Like, the day after you guys break up, and that first time you see each other afterwards.
That awkward hi you can't help but say, but regret once you do.
Or the times your eyes meet, the ones that catch you off guard, that make you wonder, " Could he tell what I was thinking?"
Possibly the worst of the moments, though, is being in the same room, and talking to everyone else but each other; you keep wrestling with whether you should say something, or wait till they come to you. And even if you refuse to admit it, you're half wishing they'll be the one to say something.
So I was wondering, how do you deal with these moments, these moments that you scoffed at in Teen Wolf and Vampire Diaries, but you're now experiencing fo yourself?
Monday, March 12, 2012
A Look Inside My mind During a Lecture
- My eye feels like it wants to explode
- I can't believe Cappie and Casey broke up in that episode of Greek that I watched last week
- Who makes one homework assignment 300 points?!
- I'm seriously obsessed with romantic books with vampires
- Smash is on today :)
- Round and yellow, round and yellow
- Can you major in making up songs about biology processes?
- How do teachers know so much info off the top of their head during lectures?
Comments, Questions, Please?
Sunday, March 11, 2012
The Countdown Begins
This Saturday was a monumental day for the Juniors, as we sat for four hours, writing essays, correcting sentences, and girding in answers on the SAT
This Saturday was not the first time we took it of of course. That's not how our school works.
They made sure to prepare in every way they could think of; SAT prep every Wednesday,buying us the Bespoke book to practice.
They even sang us a spectacular song the day before.
And if no one has said it, thank you, UCHS, Mr. Campbell, Ms. Liao, Ms. Goda, and everyone else who helped us SAT prep.
The fact is, the SAT is extremely important.

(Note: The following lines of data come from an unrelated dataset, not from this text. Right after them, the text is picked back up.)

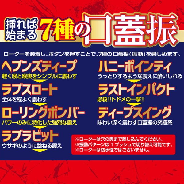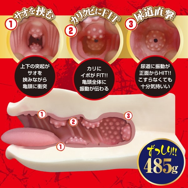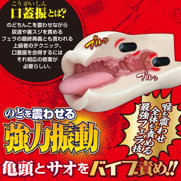 のどを震わせサオや尿道を強烈に責める!!最強のフェラ技「口蓋振(こうがいしん)」を楽しめるフェラホール!ローターを振動させながらシゴくのは勿論、振動のみの刺激を楽しむ亀頭オナニーも可能!奥まで挿入すれば、亀頭をロックしながら尿道に振動が直撃し、ストロークしなくても超気持ちいい!重量が485gあるので、口に本当に頬張られているような圧迫感で満たされながら、振動を楽しめます。亀頭ローターとフェラホールのいいとこどりな深い快感をサオ全体で楽しもう!!
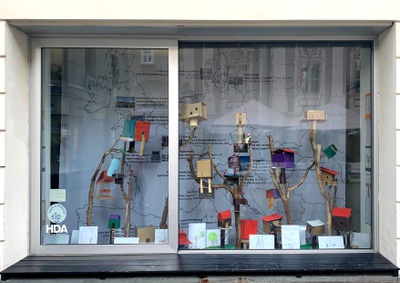 Ausstellung der Primaria1 der SIP (Schule im Pfeifferhof): Eine Schule am Stadtrand von Graz, umgeben von Bäumen. In diesem täglichen Lernumfeld entstand als kreativer Abschluss des Schulprojektes „Messen – Orientieren – Planen“ ein ganzes Dorf mit 20 unterschiedlichsten Traumbaumhäusern. Aus einer Fülle unterschiedlichster gesammelter Recycling-Materialien bastelten die Kinder Modelle, die – zusammen mit Zeichnungen und Texten – im Schaufenster des HDA zu sehen sind.
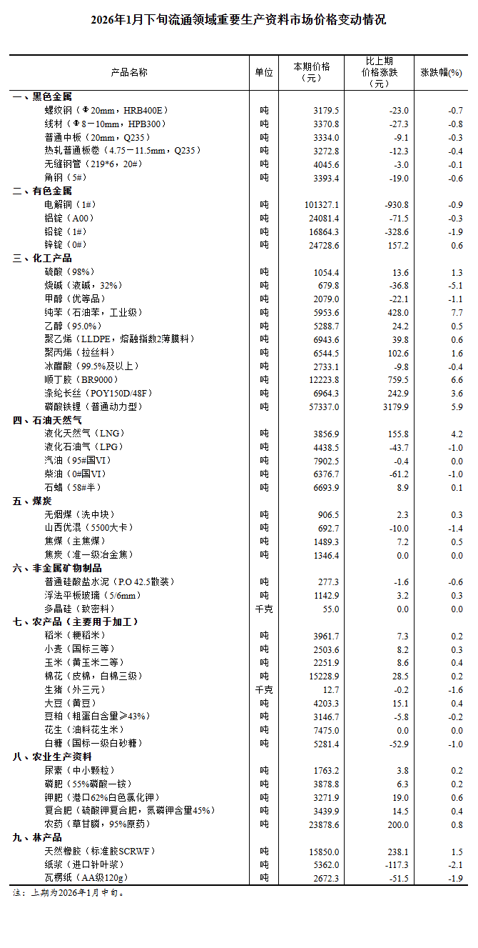 2026年1月下旬流通領(lǐng)域重要生產(chǎn)資料市場價(jià)格變動(dòng)情況
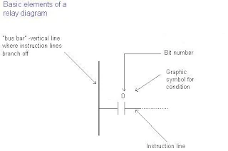 Elemen dasar dari sebuah diagram relay dapat dilihat pada gambar berikut. instruksi Sebagian besar membutuhkan setidaknya satu operan, dan sering lebih dari satu. Operan dapat beberapa lokasi memori, satu bit lokasi memori, atau beberapa nilai-number.In numerik kasus ketika kita ingin memproklamirkan konstan sebagai operand, penunjukan # digunakan di bawah tulisan numerik (untuk compiler untuk tahu itu adalah . konstan dan tidak alamat) Berdasarkan gambar di atas, salah satu harus mencatat bahwa sebuah diagram tangga terdiri dari dua bagian dasar: bagian kiri juga disebut bersyarat, dan bagian kanan yang memiliki instruksi. Ketika kondisi terpenuhi, instruksi dieksekusi, dan itu semua!
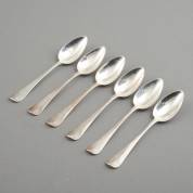Zes 2e gehalte zilveren dessertlepels, Hollands glad, meester: waarschijnlijk Peter van Gelderen, Schoonhoven, 1836, gewicht 253 gram, 19,5 cm
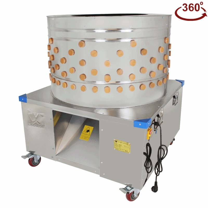 - Doporučujeme především pro škubání krůt a hus. Škubací stroj je určen pro soukromé účely a pro malé rodinné farmy s potřebou škubání cca 100 ks měsíčně. Škubací stroj je výkonným a nepostradatelným pomocníkem pro každého, kdo má co do činění s drůbeží porážku. Tento speciální mokrý-škubací stroj není náchylný k poruchám. Rychle, čistě a bezpečně oškube drůbež bez poškození kůže. Škubání probíhá velice efektivně a tak čistě, že ručním způsobem nemůže být nikdy dosaženo takovýchto výsledků. Celonerezové provedení stroje z 1,5mm silného plechu zaručuje dlouhou životnost, pokud se škubačka nebude přetěžovat. V podstatě jediný předmět údržby je občasné vypnutí dvojice klínových řemenů, případně jejich výměna. Rovněž výměna gumových prstů je předmětem běžné údržby a opotřebení prstů je přímo úměrné zatížení, neboli četnosti používání. Škubačky jsou dodávány s ochrannou folií na lícové straně oplechování. Folii doporučujeme strhat, bohužel to jde velmi pomalu. Stroje jsou vybaveny motorem na 380 V, 50 Hz. vypínačem s krytím IP 54 a 5m dlouhou gumovou flexi šňůrou s pětikolíkovou zástrčkou, 16A. Motor lze přepojit na 400V. Doporučujeme proudem vody z hadice průběžně odplavovat oškubané peří, které je možné zachytit do perforované přepravky, nebo síta. Není dovoleno stříkat vodu na vypínač. Voda volně odtéká na zem splavem. Ve spodní části karuselu jsou 3 prsty nasazeny opačně a slouží jako vyhazovač peří . Před čištěním vždy vytáhněte zástrčku ze zásuvky. Pozor ! Obsluha musí mít kvalitní gumové holínky, gumové rukavice a obličejový štít ! Provoz: Poražená zvířata, je třeba dobře vykrvit, pak hned opařit a vložit do škubačky. Opaření lze provést nejlépe v elektrickém kotli s regulací teploty – s termostatem k.č. 56103 nebo v jakékoli vhodné nádobě s využitím ponorného ohřívače 2300 W z naší nabídky k.č.90801 - 2. Kuřata, slepice, krůty, perličky, koroptve a bažanti při cca 62 °C (mírně vyšší u starších zvířat) Doba opaření je v závislosti na velikosti - 1,5 až 2 minuty. Husy a kachny, teplota 70°C - 72°C . Doba paření za stálého protřásání cca 4 – 5 minut. K dosažení správného výsledku je třeba provést trhací zkoušku na letkách. Výsledky práce se ještě více zkvalitní použitím škubacího vosku rozpuštěném v lázni! Vodní drůbež jde obecně špatně škubat, proto doporučujeme na 10 - 15 sekund vložit do škubačky, za tuto dobu se oškube peří z měkkých částí těla ptáka a i svrchní kryt se proškube. Potom pokračovat v paření ještě cca 2 minuty. U vodní drůbeže je použití vosku téměř nutností. Orientační doba potřebná k oškubání jednotlivých druhů drůbeže: Kuře: 3-4 kusy během 20 - 40 sekund. Krocan: 1 kus za 40 - 50 sekund. U krůt doporučujeme odstranit pařáty. Bažant: 3 - 5 kusů během 40 sekund. Kachny: 3 - 4 kusy asi za 60 sekund. Husy: 1 - 2 kusy asi za 60 sekund. Uvedená doba škubání je pouze orientační, v praxi se jedná o více vlivů jako je teplota a doba paření, stáří drůbeže, roční doba, okolní teplota, použití škubacího vosku atd. Vyhněte se porážce v období přepeřování.

It's not the only ticket to getting into but it's something that should be taken seriously.
And honestly, we didn't always take it seriously, but I can surely say that we did this Saturday.
Now, let's hope that we all did well, so I can send my score to Syracuse and the University of Rochester.
This SAT just proved how close we are to college, to life after college, adulthood.
The countdown to March 29th, the day we get our scores back, begins.